O padrão do violão a seguir é ainda uma variante do acorde inicial, porém carregado nos graves e com um indisfarçável tempero funk. Nele o fio narrativo é retomado anunciando a batalha iminente. A partir daí o menino é tratado pelo nome de mártires da liberdade, como destaquei na primeira parte. Seus assassinos não chegam sequer a ser nomeados. São as falanges do mal / arcanjos velhos, coveiros do carnaval. A escolha de uma categoria angélica para os designar, enquanto os exus, vistos pelas religiões européias como demoníacos, são defensores do menino, é sintomática de uma hipocrisia secular, um massacre antigo que é cultural e também literal.
A narração da morte do menino é feita em alta velocidade. O menino morreu, ninguém chora por ele. O verso seguinte, último da canção, já trata da aposta do jogo do bicho no dia seguinte, e serve de gancho para a última canção seguinte. Mas antes, João faz, com diversas adaptações rítmicas e melódicas, um vocalise muito semelhante ao da introdução da gravação de estúdio de Genesis. E faz um breque no violão, como já fizera nO ronco da cuíca, para preparar a entrada das Escadas da Penha, agora, finalmente, no samba rasgado.
Esta é uma história diferente. À primeira vista, não faz sentido colocá-la no epílogo desta canção quatro-feita-uma. Num comentário ao primeiro post, foi dito que De frente pro crime, outra parceria Bosco / Blanc, seria muito mais direta, e concordo. Mas é justamente por falar de outro crime, outra história, que esta se torna mais cruel. Pois o menino já foi esquecido. Escadas da Penha poderia ser a notícia do jornal do dia seguinte, sobre um crime passional, em vez do assassinato do menino pela polícia. Ela encerra a epopeia com como que um expurgar de tensão no samba desabalado na mão rapidíssima de João Bosco. E, assim como o Ronco da cuíca descrevia o universo simbólico em que o menino cresce, Escadas da Penha descreve aquele em que ele morre. Como uma câmera que vai se distanciando aos poucos enquanto o entorno vai sendo enquadrado e lentamente perdendo o foco.

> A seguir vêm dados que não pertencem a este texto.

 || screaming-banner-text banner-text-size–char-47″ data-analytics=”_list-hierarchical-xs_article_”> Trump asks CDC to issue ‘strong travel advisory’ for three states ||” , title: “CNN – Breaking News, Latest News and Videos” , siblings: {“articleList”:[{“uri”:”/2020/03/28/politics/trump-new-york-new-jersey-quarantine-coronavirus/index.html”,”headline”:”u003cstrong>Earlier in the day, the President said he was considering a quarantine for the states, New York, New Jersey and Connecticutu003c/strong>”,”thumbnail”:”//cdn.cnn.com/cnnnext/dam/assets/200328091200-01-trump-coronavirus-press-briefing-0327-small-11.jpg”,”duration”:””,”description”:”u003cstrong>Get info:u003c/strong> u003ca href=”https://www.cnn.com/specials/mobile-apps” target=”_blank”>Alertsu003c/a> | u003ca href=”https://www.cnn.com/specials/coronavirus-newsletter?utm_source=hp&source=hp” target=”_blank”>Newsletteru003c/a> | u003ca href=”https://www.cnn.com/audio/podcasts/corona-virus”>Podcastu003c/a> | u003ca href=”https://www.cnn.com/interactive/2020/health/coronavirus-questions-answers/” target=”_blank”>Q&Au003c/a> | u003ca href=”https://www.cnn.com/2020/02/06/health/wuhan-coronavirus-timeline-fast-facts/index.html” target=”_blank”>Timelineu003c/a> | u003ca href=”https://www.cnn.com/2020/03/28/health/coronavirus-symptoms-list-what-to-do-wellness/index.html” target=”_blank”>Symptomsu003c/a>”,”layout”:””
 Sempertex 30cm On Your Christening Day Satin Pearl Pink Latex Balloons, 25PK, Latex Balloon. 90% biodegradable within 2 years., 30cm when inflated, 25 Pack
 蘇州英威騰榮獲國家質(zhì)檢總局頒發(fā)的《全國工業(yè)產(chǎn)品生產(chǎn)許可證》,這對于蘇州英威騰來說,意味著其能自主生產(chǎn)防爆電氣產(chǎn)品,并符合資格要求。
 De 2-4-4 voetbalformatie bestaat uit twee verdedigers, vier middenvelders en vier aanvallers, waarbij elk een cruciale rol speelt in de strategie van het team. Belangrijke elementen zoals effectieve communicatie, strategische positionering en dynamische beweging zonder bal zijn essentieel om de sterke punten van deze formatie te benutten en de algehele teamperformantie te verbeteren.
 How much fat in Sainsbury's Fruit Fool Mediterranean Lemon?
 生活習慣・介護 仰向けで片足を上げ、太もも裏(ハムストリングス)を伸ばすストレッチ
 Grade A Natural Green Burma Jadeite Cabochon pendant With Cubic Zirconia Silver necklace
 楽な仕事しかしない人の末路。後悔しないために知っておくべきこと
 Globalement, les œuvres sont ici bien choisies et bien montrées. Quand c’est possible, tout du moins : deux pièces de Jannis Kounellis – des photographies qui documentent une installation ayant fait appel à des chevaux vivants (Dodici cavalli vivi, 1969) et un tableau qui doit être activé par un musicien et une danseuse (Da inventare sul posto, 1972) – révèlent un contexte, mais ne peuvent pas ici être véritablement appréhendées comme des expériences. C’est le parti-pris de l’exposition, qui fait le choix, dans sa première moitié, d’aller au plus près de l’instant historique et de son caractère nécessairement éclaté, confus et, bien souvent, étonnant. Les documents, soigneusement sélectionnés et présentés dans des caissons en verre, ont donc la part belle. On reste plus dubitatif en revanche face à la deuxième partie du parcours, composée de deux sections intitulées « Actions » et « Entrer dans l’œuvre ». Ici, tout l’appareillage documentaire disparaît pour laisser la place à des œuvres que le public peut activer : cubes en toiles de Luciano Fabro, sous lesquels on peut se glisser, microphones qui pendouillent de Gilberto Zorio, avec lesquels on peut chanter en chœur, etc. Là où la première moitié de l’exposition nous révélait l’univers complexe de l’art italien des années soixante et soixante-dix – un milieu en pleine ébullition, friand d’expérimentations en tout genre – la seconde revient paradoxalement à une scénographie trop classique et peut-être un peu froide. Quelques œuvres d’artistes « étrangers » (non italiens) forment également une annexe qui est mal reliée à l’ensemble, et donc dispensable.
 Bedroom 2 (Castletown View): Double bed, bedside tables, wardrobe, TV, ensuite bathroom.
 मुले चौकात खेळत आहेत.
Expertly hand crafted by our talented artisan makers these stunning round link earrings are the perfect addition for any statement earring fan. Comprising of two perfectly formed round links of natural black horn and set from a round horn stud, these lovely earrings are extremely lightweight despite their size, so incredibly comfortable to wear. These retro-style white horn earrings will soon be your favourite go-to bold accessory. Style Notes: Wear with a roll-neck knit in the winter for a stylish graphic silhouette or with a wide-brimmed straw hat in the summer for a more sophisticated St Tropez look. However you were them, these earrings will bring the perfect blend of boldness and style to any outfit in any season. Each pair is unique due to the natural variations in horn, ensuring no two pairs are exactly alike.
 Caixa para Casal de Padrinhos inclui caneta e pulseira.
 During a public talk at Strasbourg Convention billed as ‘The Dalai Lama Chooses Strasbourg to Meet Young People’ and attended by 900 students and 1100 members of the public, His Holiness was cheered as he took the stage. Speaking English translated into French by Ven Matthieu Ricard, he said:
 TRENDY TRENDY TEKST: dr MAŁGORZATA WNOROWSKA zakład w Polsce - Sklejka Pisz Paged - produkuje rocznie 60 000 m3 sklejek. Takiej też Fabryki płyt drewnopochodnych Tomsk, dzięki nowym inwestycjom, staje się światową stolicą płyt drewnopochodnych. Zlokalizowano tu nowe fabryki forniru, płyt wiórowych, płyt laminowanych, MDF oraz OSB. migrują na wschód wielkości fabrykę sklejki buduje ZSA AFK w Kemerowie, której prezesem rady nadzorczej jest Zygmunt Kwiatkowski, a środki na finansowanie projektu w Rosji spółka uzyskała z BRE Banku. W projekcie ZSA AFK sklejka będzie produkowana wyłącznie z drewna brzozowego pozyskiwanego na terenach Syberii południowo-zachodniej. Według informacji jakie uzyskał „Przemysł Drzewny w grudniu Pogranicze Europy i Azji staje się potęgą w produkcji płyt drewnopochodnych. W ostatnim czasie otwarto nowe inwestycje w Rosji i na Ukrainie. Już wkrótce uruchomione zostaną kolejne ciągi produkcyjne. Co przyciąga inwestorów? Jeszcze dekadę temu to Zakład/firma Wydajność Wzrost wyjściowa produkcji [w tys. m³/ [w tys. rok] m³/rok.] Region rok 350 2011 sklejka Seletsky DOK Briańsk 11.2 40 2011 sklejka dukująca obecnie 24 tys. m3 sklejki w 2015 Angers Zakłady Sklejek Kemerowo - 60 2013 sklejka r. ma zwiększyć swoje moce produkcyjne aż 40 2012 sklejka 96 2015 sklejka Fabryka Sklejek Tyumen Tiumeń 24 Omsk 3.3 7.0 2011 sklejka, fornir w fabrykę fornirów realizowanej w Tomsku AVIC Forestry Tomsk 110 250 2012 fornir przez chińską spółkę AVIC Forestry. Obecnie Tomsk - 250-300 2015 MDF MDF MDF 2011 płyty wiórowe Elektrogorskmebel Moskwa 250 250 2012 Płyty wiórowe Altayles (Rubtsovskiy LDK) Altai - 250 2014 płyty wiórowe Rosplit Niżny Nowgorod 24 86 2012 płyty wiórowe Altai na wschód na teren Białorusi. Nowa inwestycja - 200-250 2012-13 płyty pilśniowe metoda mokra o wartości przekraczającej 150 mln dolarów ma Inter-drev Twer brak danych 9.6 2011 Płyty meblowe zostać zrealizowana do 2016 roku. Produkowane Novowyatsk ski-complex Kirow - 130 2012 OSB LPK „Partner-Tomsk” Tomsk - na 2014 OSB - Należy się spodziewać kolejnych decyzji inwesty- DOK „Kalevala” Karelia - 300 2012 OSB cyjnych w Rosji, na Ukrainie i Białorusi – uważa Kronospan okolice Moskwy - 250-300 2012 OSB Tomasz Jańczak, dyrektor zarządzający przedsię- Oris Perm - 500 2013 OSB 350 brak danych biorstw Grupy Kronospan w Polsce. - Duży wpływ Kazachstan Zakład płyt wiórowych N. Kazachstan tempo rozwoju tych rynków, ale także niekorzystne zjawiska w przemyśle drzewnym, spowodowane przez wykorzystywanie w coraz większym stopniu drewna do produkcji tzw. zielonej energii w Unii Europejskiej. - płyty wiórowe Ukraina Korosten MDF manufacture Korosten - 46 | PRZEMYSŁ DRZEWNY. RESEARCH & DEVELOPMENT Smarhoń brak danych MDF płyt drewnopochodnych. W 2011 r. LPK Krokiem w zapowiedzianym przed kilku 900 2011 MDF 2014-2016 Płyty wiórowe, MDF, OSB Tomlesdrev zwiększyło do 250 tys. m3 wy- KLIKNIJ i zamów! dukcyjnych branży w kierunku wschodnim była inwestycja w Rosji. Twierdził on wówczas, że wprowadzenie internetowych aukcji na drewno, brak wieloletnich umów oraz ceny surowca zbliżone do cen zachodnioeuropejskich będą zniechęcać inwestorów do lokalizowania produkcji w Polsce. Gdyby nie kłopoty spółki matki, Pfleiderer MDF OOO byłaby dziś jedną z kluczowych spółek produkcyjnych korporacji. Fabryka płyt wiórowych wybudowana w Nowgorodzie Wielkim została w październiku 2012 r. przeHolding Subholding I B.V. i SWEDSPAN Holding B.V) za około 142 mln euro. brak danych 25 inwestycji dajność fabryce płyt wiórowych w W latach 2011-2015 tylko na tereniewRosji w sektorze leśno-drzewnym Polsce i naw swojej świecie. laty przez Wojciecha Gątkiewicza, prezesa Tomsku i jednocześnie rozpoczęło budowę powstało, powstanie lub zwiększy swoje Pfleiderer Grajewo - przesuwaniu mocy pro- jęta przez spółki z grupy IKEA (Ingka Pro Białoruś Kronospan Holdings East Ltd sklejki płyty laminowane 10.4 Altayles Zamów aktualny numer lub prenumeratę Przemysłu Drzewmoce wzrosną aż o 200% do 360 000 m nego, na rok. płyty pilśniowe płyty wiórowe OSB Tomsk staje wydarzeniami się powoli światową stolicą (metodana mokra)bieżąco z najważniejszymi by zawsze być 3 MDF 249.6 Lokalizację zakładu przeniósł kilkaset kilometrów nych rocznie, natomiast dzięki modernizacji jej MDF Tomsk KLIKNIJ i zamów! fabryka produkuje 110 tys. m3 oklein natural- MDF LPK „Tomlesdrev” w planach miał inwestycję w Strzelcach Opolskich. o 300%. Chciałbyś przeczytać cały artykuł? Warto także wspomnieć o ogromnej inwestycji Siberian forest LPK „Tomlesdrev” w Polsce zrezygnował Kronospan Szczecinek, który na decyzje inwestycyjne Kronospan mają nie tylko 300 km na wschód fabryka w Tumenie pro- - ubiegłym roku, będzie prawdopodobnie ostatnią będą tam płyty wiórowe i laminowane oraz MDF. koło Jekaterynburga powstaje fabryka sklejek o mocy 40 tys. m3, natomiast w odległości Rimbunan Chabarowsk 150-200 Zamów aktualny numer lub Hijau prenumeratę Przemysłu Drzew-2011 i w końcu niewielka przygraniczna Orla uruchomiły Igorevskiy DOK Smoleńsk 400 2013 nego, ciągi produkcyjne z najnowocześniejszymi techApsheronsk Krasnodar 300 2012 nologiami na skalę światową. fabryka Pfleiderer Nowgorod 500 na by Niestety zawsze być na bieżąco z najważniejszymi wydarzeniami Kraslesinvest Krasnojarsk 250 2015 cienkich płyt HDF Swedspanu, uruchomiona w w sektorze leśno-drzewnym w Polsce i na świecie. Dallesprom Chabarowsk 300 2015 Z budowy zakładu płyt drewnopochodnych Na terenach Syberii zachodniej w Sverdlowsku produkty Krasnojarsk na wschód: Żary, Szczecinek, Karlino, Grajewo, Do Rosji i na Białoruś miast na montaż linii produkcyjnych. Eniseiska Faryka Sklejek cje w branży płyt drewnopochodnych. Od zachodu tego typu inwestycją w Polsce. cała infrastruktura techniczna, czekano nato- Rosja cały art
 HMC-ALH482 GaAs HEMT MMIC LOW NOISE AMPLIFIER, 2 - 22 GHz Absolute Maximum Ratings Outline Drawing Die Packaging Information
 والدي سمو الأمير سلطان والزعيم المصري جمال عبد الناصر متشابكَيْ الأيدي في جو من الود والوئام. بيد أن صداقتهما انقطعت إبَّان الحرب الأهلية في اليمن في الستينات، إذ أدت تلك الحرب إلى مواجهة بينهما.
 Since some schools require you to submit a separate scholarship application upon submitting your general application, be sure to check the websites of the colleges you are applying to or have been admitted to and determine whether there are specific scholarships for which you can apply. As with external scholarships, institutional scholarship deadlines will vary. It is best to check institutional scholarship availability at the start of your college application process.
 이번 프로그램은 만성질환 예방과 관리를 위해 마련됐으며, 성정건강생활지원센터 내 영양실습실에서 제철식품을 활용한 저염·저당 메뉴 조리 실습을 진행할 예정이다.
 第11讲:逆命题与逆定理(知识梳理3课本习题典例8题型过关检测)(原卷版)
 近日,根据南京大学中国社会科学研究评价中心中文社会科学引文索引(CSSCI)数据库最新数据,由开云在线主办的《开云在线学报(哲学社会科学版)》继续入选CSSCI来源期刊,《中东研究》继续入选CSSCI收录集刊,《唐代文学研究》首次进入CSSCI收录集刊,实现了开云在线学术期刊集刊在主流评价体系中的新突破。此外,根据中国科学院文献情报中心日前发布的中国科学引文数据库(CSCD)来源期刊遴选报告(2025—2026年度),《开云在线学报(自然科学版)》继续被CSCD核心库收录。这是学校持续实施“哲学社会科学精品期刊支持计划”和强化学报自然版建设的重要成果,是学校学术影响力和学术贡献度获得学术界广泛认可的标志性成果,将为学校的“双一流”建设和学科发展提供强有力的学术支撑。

João se converte nesta tetralogia em bardo da Idade Média, em que cantar e declamar uma história não eram coisas muito diferentes. Mas a tradição que segue também – ou principalmente – é africana, dos narradores das tradições orais. A narrativa tem em si um poder mágico – dizer é fazer. João é o narrador de uma história que sempre se repete desde tempos imemoriais, com a intervenção de seres sem tempo. Como se a história tivesse acontecido antes dos tempos, e se repetisse hoje um simulacro encantado – o menino morreu e continua interminavelmente, perpetuamente a morrer, como Prometeu acorrentado, como Ganga Zumba, Patrice Lumumba, Federico Garcia Lorca, Jesus, e sempre renasce novamente.